Le monde des abeilles, en effet, est l’un des plus étonnants qui soient pour l’esprit humain, comme l’atteste l’intérêt qu’on lui porte depuis les époques les plus reculées. Le centre de ce monde, c’est la ruche, et les abeilles sont les protagonistes de la vie extraordinaire qui frémit en elle. Il s’agit d’une des espèces animales les plus riches, les mieux organisées et qu’on trouve dans toutes les régions, sous tous les climats. Elles possèdent une grande facilité d’adaptation, de sûrs moyens de défense, des organes des sens très fins, et sont étonnamment prolifiques. La vie des abeilles se déroule sous forme de société permanente ; les individus sont groupés en catégories, et chacun possède une forme adaptée à la tâche particulière qui lui incombe au profit de la communauté. L’attention des savants et des profanes se porte d’emblée vers la reine. Plus grande que les autres et vivant plus longtemps, elle a comme fonction de pondre les œufs, de quinze cents à trois mille par jour, pendant cent quarante jours environ. Comme elle est dépourvue de moyens de défense, ce sont les autres qui la protègent, et quand elle craint que d’autres reines ne deviennent ses rivales, elle fuit avec un essaim d’ouvrières et devient fondatrice d’une nouvelle ruche. 

Autour de la reine, on trouve les faux bourdons, physiquement plus démunis, qui ont une part active dans la fécondation et sont nécessaires pour la continuation de la vie dans la ruche. Mais les ouvrières, toujours très nombreuses, se montrent les plus laborieuses et les plus utiles. Elles se répartissent les charges, afin que tout le travail se fasse bien et en temps opportun. Nées depuis peu, elles remplissent déjà l’office de nourrices ; à peine commencent-elles à sécréter la cire qu’elles se font constructrices ; finalement, au moment de leurs premiers vols de fleur en fleur, elles deviennent suceuses. Toutes cependant se préoccupent de leur défense individuelle et de celle de la colonie entière, sans qu’aucun poste demeure inoccupé, grâce à la relève incessante de toutes les ouvrières. 

Il n’est pas possible, et de toute manière, pour vous, il n’est pas nécessaire de raconter les merveilles du monde des abeilles, monde extraordinaire, dont le mystère reste encore incomplètement dévoilé ; monde sympathique, dirions-Nous même, à cause des services variés, qu’il rend aux hommes. 

Le langage des abeilles – Qu’il suffise, pour rappeler l’une des raisons de notre étonnement, d’évoquer la manière dont les abeilles se comprennent, se consultent, s’interrogent. Certes, on savait depuis longtemps qu’elles parlaient en quelque sorte au moyen de différentes danses ; mais récemment on a appris qu’elles communiquaient entre elles par un organe minuscule, la glande Nasonof, qui leur servirait à émettre des effluves de nature vraisemblablement corpusculaire et parfumée, rayonnante et ondulatoire ; ces effluves ne seraient captés que par les abeilles de la colonie, à laquelle appartient l’émettrice. Plus récemment encore, on aurait découvert que les abeilles correspondent aussi au moyen des ultrasons ; on peut en effet observer certains mouvements rapides et périodiques des ailes, sans qu’on perçoive pour autant aucun son. Les ultrasons aideraient les ouvrières dispersées à rejoindre l’essaim, et attireraient d’autres individus à travailler sur une fleur. Certains pensent que le sens extraordinaire de l’orientation, que possèdent les abeilles, pourrait être utilisé même pour porter des messages. 

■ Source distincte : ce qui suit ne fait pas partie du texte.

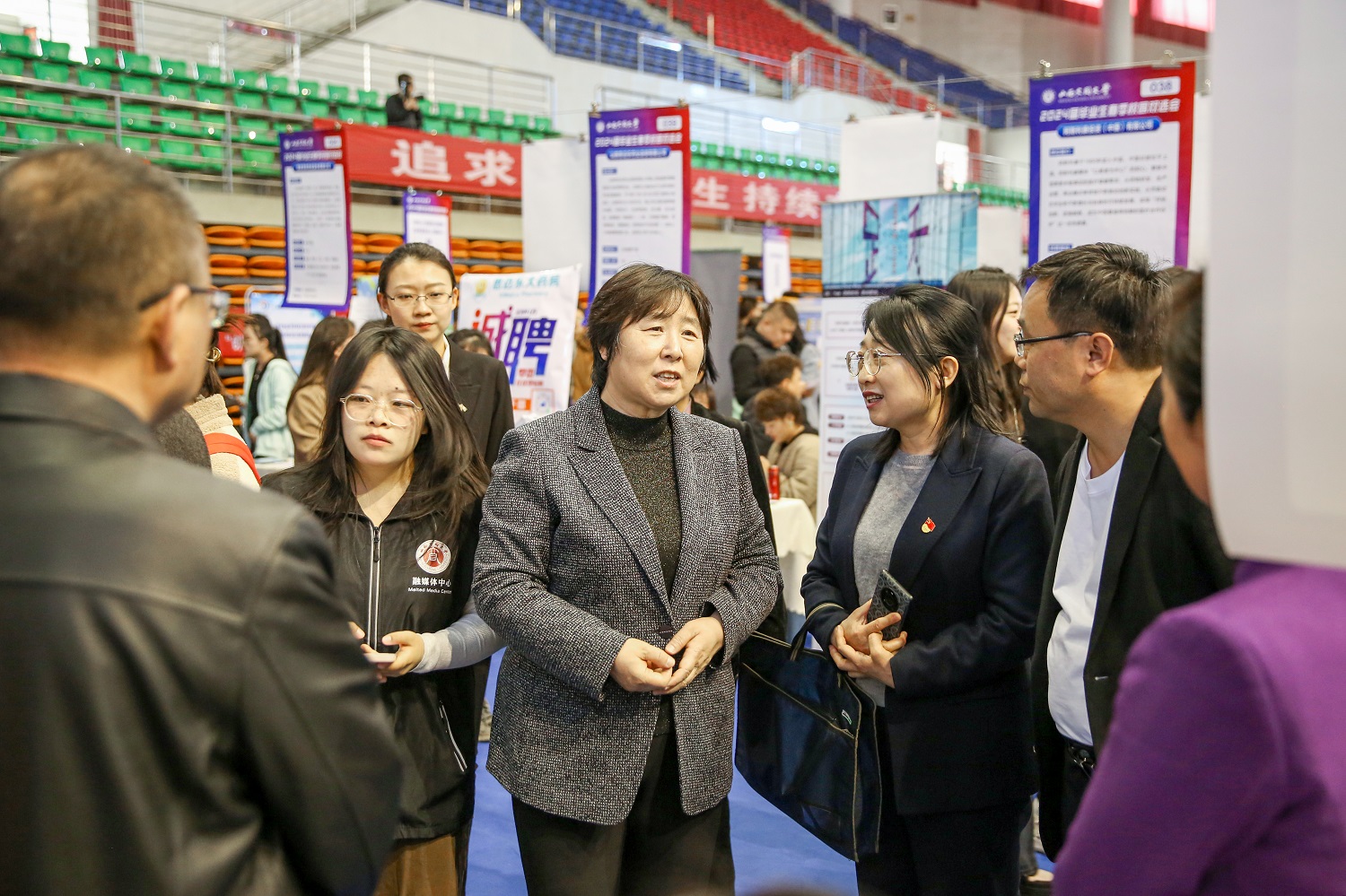 趙水民、姚麗英、寇福明、郭繼林、張旻、石鳳珍等校領導深入招聘會現場指導調研,與用人單位和畢業(yè)生交流互動,傾聽用人單位對學校人才培養(yǎng)工作的意見建議、了解招聘進展情況,向用人單位推薦介紹相關專業(yè)和第二學士學位畢業(yè)生培養(yǎng)情況,向學院班子詢問2024屆畢業(yè)生就業(yè)工作開展情況,要求壓緊壓實責任,多措并舉,將“穩(wěn)就業(yè)、保就業(yè)”任務落實落細。

La cire et le miel – Et cela Nous amène à Nous arrêter sur un autre aspect monde des abeilles : les avantages que l’homme retire de leur activité. Leur cire — la principale cire animale — est l’œuvre de ces ouvrières infatigables. Si l’on songe que les cierges destinés à l’usage liturgique doivent être faits, en tout ou en majeure partie, avec cette cire (cf. Decreta authentica Congregationis Sacrorum Rituum, n. 4147, 14 déc. 1904), l’on admettra aisément que les abeilles aident en quelque sorte les hommes à accomplir leur devoir suprême, celui de la religion. 

Mais leur produit le plus caractéristique c’est le miel, obtenu par transformation du nectar des fleurs dans le jabot, grâce à la sécrétion d’une substance spéciale. Personne n’ignore les précieuses qualités nutritives du miel, mais il n’en reste pas moins qu’elles devraient être mieux connues et mises davantage à profit, grâce à la multiplication et à la rationalisation des centres d’apiculture. Les sucres contenus dans le miel semblent exceptionnellement importants, si l’on pense que le dextrose, absorbé par l’organisme sans lui imposer aucun travail de transformation, est d’un apport essentiel pour le cœur et va directement aux muscles, tandis que le levulose, transporté au foie, y constitue une réserve indispensable à la santé. Ajoutons encore que le miel est riche en vitamines et en hormones, et que même le venin des abeilles pourra peut-être un jour servir en médecine. 

La pollinisation – Plus encore que leur production de cire et de miel, leur activité de pollinisation leur mérite une place de premier plan dans l’économie agricole. Les travaux de votre Congrès ont souligné en effet la possibilité d’augmenter dans de notables proportions le rendement des cultures fourragères et de certaines cultures industrielles, grâce à la multiplication des colonies d’abeilles. La négligence de certains producteurs de semences et de fruits envers ce facteur capital de pollinisation leur vaut des récoltes, qui s’élèvent à peine au tiers ou au quart de ce qu’ils pourraient obtenir en recourant au service des abeilles. 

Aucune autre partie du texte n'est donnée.